Le 2 février, les personnes handicapées ont fait tomber une mesure gouvernementale prise pour des raisons sécuritaires à travers des manifestations. Découvrez qui est à la tête de cette lutte.

Son téléphone ne cesse de sonner. A peine déposé, un autre appel. Il garde sa position sur son tricycle et répond à ses interlocuteurs. Au bout de son appareil portable, des journalistes demandent des entretiens, ses amis et collègues handicapés le remercient et des personnes ordinaires le félicitent.

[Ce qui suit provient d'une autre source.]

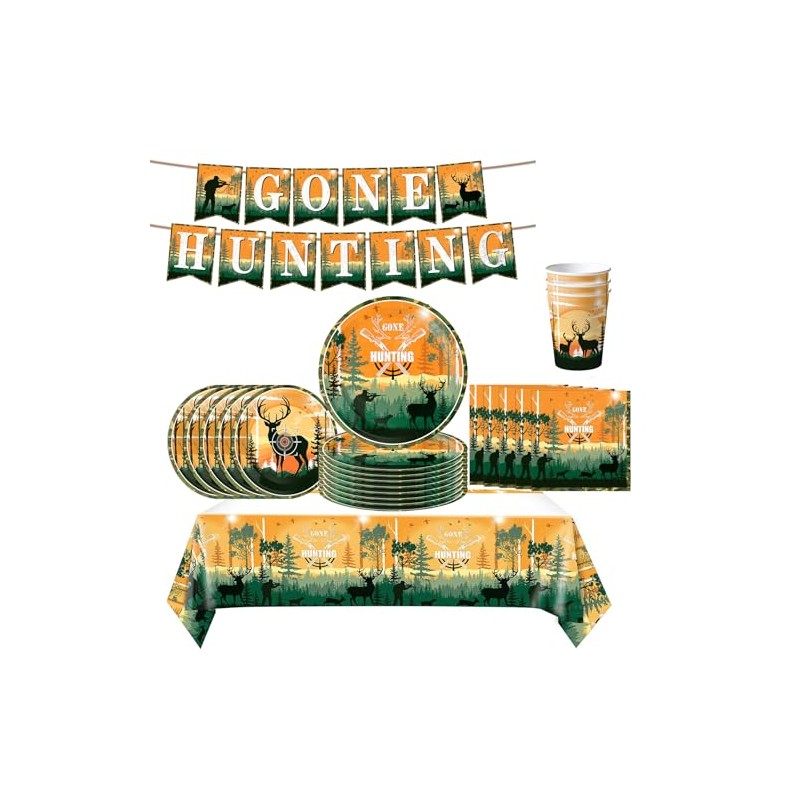 Zempertoopa Hunting Birthday Party Decorations, Hunting Camouflage Party Paper Plates, Birthday Party Decorations, Party Tableware Set, Theme Party Tableware Set (B)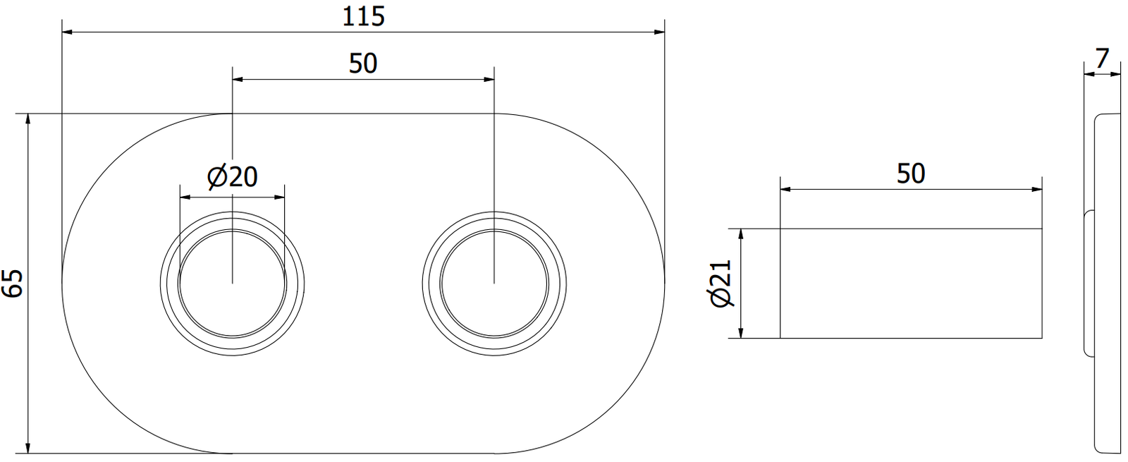 Avstånd mellan hålen för radiatoranslutningarna: 50 mm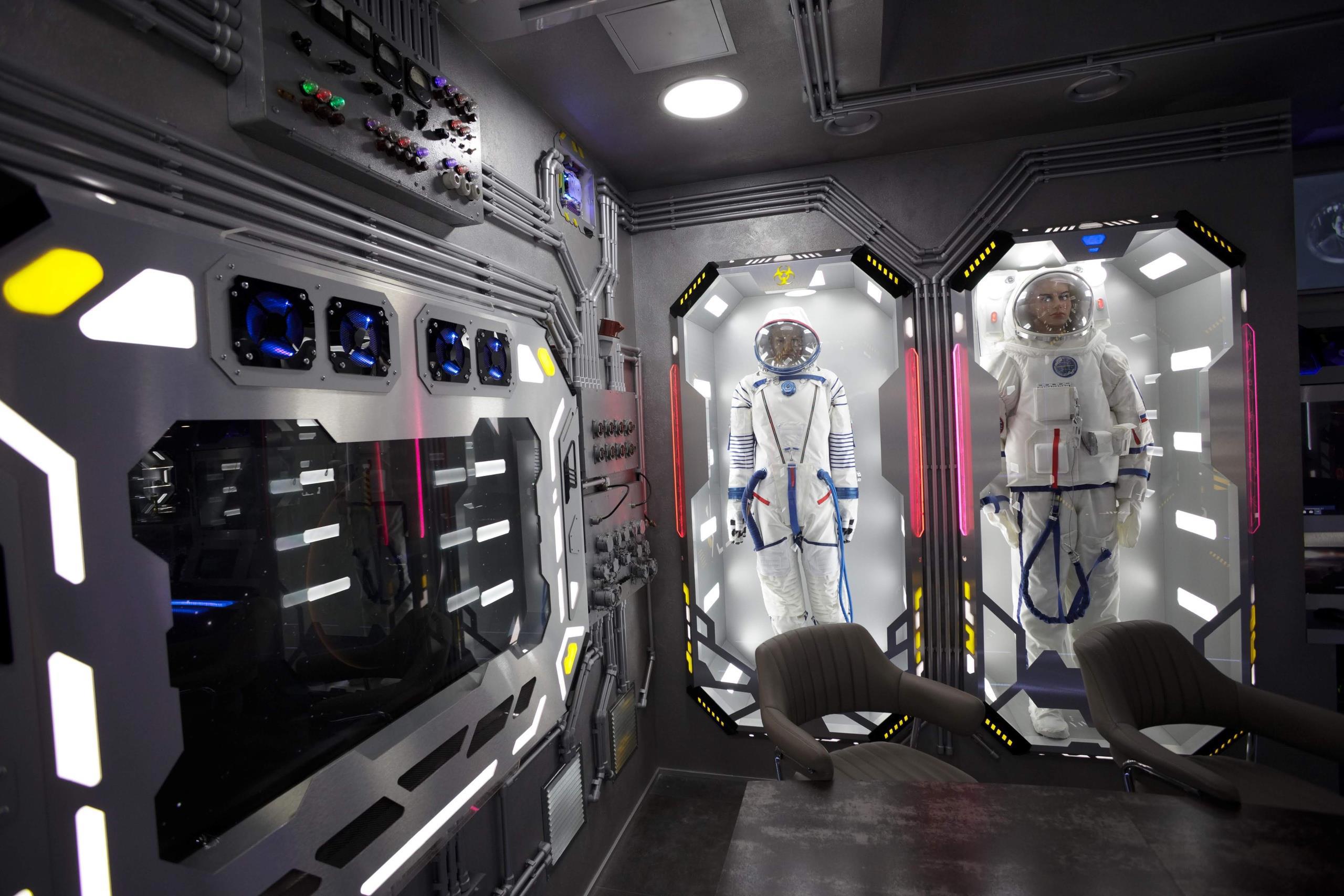Кстати, комбинезоны экипажа, как и скафандры в боксах - реально приобретены у Роскосмоса.

La levée de mesure portant interdiction de circulation des tricycles sur le pont de Ngueli par le gouvernement est assimilée comme une victoire. Un triomphe attribué aux personnes handicapées en général et plus particulièrement à leur leader et porte-parole, Ali Oussignbédé Justin.

Durant 7 mois, le quinquagénaire a su mobiliser ses amis et collègues pour se tenir sur leurs béquilles. Son unique objectif est d’obtenir la libre circulation des tricycles sur le pont liant le Tchad au Cameroun. « Si vous voulez du miel, il faut affronter les abeilles(…) et si on me tue je vais rester comme un martyr ».  C’est sur cette leitmotiv qu’Ali Oussignbédé Justin a engagé le combat: des déclarations, manifestations et opérations de reptation.

Une mission difficile

Son engagement en faveur des personnes handicapées lui a créé des tiraillements avec ses collègues. Il a pris ses distances vis-à-vis de l’Association d’entraide des handicapées physiques au Tchad (AEHPT), une organisation à laquelle il a adhéré depuis son arrivée dans la capitale N’Djamena. « Ils disent qu’on est poussé par les hommes politiques et de la société civile. Ils nous ont renvoyé du siège ».

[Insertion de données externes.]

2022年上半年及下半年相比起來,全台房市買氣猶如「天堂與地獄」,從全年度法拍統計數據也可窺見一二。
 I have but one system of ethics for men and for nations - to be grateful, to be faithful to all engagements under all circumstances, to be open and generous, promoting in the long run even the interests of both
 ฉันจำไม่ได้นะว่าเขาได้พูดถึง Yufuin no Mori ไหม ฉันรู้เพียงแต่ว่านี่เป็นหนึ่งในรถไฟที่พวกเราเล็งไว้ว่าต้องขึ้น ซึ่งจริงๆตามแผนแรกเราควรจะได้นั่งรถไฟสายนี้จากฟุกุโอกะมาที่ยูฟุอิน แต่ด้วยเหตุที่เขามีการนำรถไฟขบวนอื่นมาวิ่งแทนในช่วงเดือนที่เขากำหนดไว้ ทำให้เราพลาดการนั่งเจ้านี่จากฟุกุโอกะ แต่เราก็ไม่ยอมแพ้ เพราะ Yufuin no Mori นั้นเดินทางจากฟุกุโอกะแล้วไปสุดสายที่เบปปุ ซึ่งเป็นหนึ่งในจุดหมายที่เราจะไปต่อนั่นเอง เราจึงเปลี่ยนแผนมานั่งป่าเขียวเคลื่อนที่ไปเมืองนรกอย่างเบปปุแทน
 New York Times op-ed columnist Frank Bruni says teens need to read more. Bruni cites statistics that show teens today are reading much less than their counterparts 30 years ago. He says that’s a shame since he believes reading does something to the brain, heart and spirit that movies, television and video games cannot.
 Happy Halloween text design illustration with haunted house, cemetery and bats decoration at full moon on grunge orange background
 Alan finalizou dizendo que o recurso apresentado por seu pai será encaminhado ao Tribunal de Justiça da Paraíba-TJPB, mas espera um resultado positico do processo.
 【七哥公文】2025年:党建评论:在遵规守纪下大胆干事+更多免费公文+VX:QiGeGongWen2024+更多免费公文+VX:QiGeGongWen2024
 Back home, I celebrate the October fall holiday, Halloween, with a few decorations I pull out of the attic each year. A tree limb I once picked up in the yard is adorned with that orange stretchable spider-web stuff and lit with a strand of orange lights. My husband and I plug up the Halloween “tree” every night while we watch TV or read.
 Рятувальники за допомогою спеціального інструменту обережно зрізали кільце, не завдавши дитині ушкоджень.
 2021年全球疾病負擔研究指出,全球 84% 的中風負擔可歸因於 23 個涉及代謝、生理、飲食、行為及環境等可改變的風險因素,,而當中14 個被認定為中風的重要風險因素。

À présent le « gilet noir » comme il s’est surnommé est fier du combat qu’ils ont mené, lui et son équipe. Il n’écarte pas l’AEHPT. « Il ne faudrait pas qu’ils disent qu’on a gagné et qu’ils seront rejetés, non. La route est ouverte pour toutes les personnes handicapées ».

Cette lutte n’est pas la seule que l’enfant Soumray engagé. En 2015, il a dirigé une manifestation en faveur des personnes vivant avec un handicap. « Ils nous ont tiré dessus. Il y a eu des arrestations. La liberté, ça s’arrache». En 2000, il a pris part activement à la protestation des femmes balayeuses de route qui, réclamaient leur salaire coupé.

Le handicap

Père de deux enfants, Ali Oussignbédé est issu de la communauté Soumray de père et mère. Une communauté située au sud du Tchad notamment dans le département de Tandjilé Est. Très petit, le jeune de l’époque a perdu sa maman. A l’âge de 10 ans, il a été atteint d’une maladie. ’’ Les parents m’ont emmené à l’hôpital et c’est suite à cela que je suis devenu handicapé’’. A partir de 11 ans, il n’arrive plus à se tenir sur ses deux jambes.

L’école


Le chrétien catholique a commencé le primaire dans son village natal : Poungou 1. Son état physique a été l’une des principales difficultés durant toutes les années sur le banc de l’école . Il rampe pour rejoindre la classe. ’’ Je n’avais pas un moyen de déplacement. Quand je viens le matin, il faut 16h à 17 heures pour que je rentre, car le soleil ne me permettait pas de rentrer vite’’. Arrivé au collège, il quitte Poungou 1 pour Dila, dans le même canton. Après avoir obtenu son BEPC, l’élève handicapé a décidé de continuer ses études à Laï. Il compose le baccalauréat en 2001.

Candidat malheureux à l’examen, il quitte les bancs de l’école et embrasse le travail de la terre: la culture du riz. Ali Oussignbédé a économisé les revenus de son travail et s’offre son premier tricyle. Il débarque donc à N’Djamena pour goutter la vie en ville. Il rencontre des personnes handicapées et adhère à l’association mère.

Le business du sucre

Adepte du travail, le fils de la Tandjilé côtoie ses amis et emprunte le même chemin qu’eux: se rendre à Kousserie pour se chercher. Il découvre donc le business qui se fait autour du sucre. Intéressé, il s’engage et devient transporteur du sucre auprès des commerçants tchadiens.